TASK DIRECTIONS:
A word-for-word copy of the data is what's wanted; pictures stay out of it.

(Items from a data source)
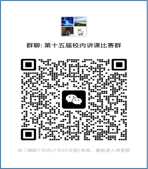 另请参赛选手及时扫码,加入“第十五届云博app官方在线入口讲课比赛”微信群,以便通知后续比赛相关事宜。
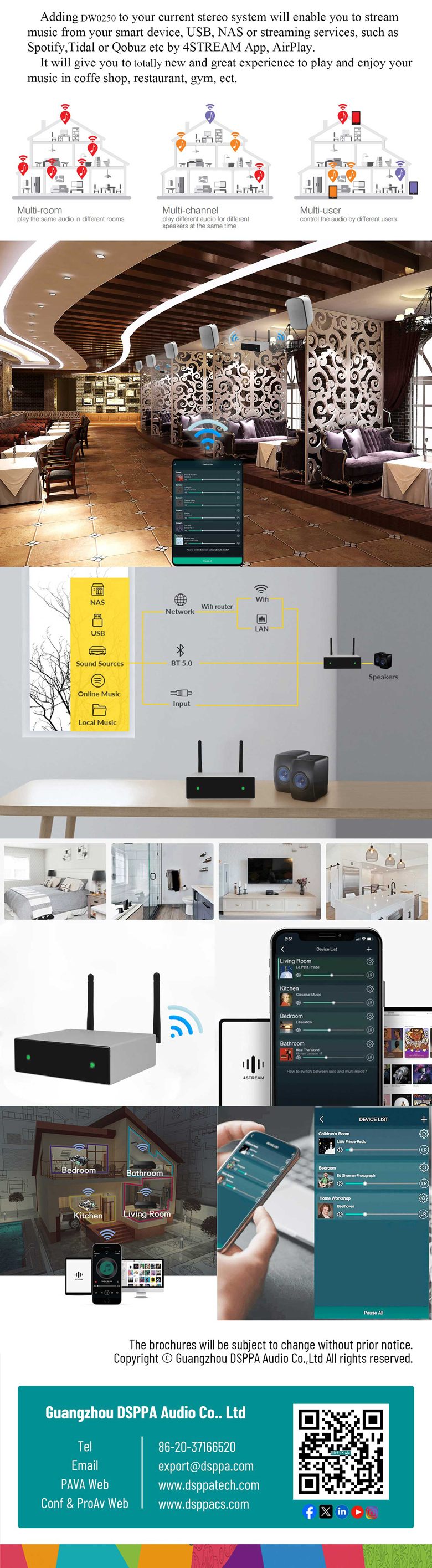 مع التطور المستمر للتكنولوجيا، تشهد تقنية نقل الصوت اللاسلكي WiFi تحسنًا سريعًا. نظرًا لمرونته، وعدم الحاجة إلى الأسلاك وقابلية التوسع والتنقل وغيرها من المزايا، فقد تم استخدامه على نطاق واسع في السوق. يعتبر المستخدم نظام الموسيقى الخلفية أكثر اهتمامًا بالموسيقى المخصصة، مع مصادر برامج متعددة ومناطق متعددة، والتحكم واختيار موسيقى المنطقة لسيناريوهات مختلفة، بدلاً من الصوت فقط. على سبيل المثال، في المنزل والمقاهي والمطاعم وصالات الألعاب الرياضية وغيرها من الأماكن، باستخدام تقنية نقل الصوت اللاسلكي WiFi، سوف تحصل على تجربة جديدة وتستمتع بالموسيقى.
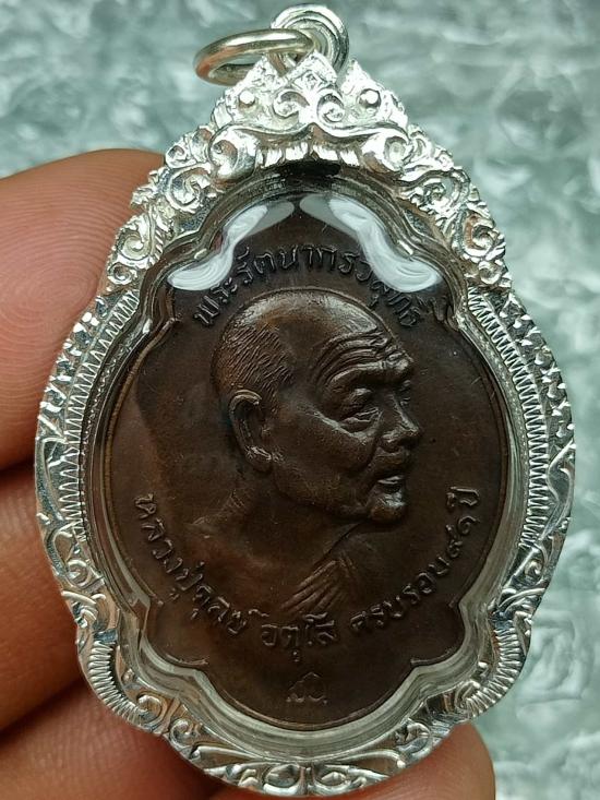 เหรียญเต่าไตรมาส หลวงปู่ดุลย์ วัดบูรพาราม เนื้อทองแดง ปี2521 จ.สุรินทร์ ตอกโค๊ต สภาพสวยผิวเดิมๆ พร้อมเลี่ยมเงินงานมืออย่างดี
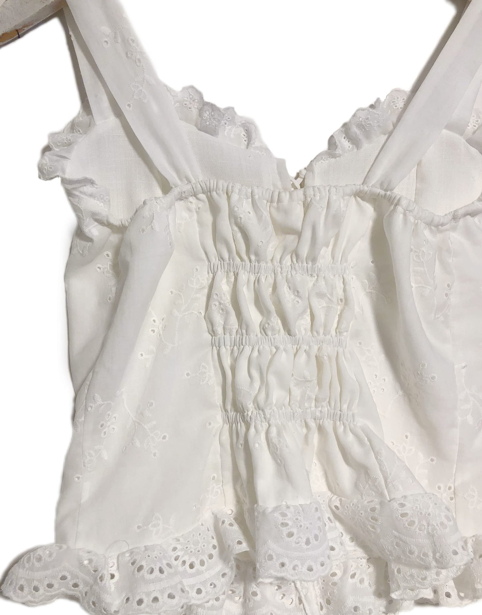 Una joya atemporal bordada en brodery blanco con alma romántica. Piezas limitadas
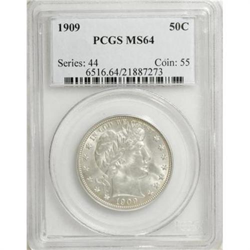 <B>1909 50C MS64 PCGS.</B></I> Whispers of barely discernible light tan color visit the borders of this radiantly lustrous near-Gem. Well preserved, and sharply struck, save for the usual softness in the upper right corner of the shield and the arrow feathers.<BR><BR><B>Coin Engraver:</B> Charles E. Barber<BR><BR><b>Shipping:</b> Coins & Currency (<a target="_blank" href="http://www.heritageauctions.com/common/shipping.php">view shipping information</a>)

RESULT BELOW:
 另请参赛选手及时扫码,加入“第十五届云博app官方在线入口讲课比赛”微信群,以便通知后续比赛相关事宜。
 مع التطور المستمر للتكنولوجيا، تشهد تقنية نقل الصوت اللاسلكي WiFi تحسنًا سريعًا. نظرًا لمرونته، وعدم الحاجة إلى الأسلاك وقابلية التوسع والتنقل وغيرها من المزايا، فقد تم استخدامه على نطاق واسع في السوق. يعتبر المستخدم نظام الموسيقى الخلفية أكثر اهتمامًا بالموسيقى المخصصة، مع مصادر برامج متعددة ومناطق متعددة، والتحكم واختيار موسيقى المنطقة لسيناريوهات مختلفة، بدلاً من الصوت فقط. على سبيل المثال، في المنزل والمقاهي والمطاعم وصالات الألعاب الرياضية وغيرها من الأماكن، باستخدام تقنية نقل الصوت اللاسلكي WiFi، سوف تحصل على تجربة جديدة وتستمتع بالموسيقى.
 เหรียญเต่าไตรมาส หลวงปู่ดุลย์ วัดบูรพาราม เนื้อทองแดง ปี2521 จ.สุรินทร์ ตอกโค๊ต สภาพสวยผิวเดิมๆ พร้อมเลี่ยมเงินงานมืออย่างดี
 Una joya atemporal bordada en brodery blanco con alma romántica. Piezas limitadas
 <B>1909 50C MS64 PCGS.</B></I> Whispers of barely discernible light tan color visit the borders of this radiantly lustrous near-Gem. Well preserved, and sharply struck, save for the usual softness in the upper right corner of the shield and the arrow feathers.<BR><BR><B>Coin Engraver:</B> Charles E. Barber<BR><BR><b>Shipping:</b> Coins & Currency (<a target="_blank" href="http://www.heritageauctions.com/common/shipping.php">view shipping information</a>)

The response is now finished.